Abstract

Fluorescence Fluctuation Spectroscopy methods are powerful tools for studying diffusion both in vitro and in vivo. They are, however, limited to either homogeneous samples or to fit models that rely on generalized assumptions about the heterogeneity of the environment. Actual biological samples, however, often do not fulfill these conditions. The plasma membrane, for example, shows compartmentalization that changes dynamically [1]. This high level of complexity makes evaluation of results difficult.To better understand the effects of heterogeneities such as structures or obstacles on molecular diffusion, we monitored the diffusion of lipids in a simplified model system. We used a lipid bilayer on a nanostructured surface [2] as a simplified system to study the effect of compartmentalization on diffusion. Our samples consisted of hexagonally arranged compartments of lipid bilayers that are connected via nanometer gaps in between the metal structures.

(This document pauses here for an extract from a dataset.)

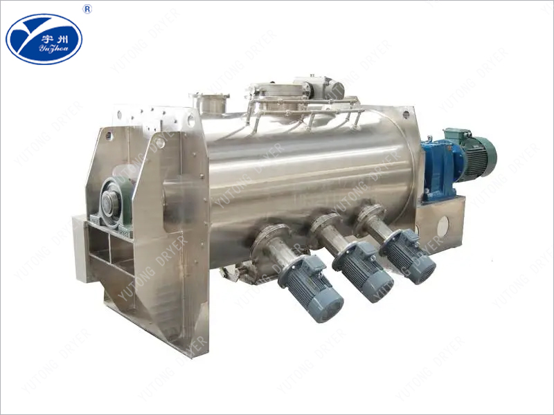 應(yīng)用于化工、醫(yī)藥、農(nóng)藥、獸藥、食品、飼料、飼料添加劑、塑料等行業(yè)固-固(粉體與粉體),固-液(粉體中添加少量液體)的混合以及造濕粒、干燥等復(fù)合工藝;尤其適用于粘性或膠狀添加劑的混合。
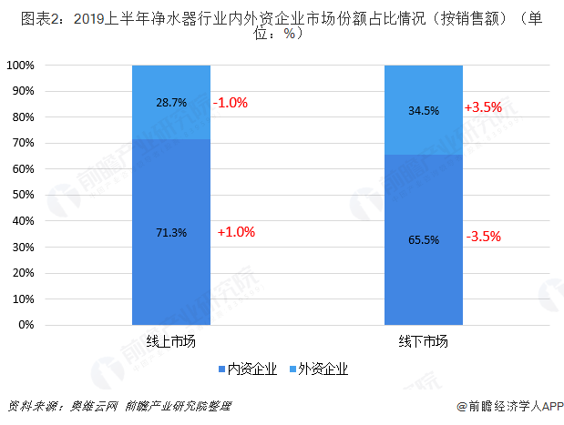 2019年上半年中國(guó)凈水器線下市場(chǎng)與2018年上半年相比新進(jìn)入行業(yè)品牌20個(gè),退出行業(yè)品牌20個(gè),凈水器線下市場(chǎng)整體品牌數(shù)量保持不變,共計(jì)105個(gè)。從銷售額的角度來(lái)看,內(nèi)資企業(yè)占據(jù)大部分市場(chǎng)份額,占比達(dá)到65.5%,同比下降3.5個(gè)百分點(diǎn);外資企業(yè)占比達(dá)到34.5%,同比增長(zhǎng)3.5個(gè)百分點(diǎn)。

By calculating the spatial pair cross correlation functions [3] of a signal acquired while rapidly scanning over the sample, we could measure the time of diffusion of fluorescently labeled lipids between partitions. Since both diameter of the compartments and size of the gaps can be adjusted, this system allows us to study the influence of these parameters on diffusion. Furthermore, we performed Monte Carlo simulations of diffusion in similar structures. This way, we could test the effects of different interactions of the sample and the environment on the correlation functions.[1] T. Fujiwara et al., Journal of Cell Biology 2002, 157, 1071.[2] T. Lohmueller et al., Nano Letters 2012, 12, 1717.[3] M. Digman et al., Biophysical Journal 2009, 97, 665.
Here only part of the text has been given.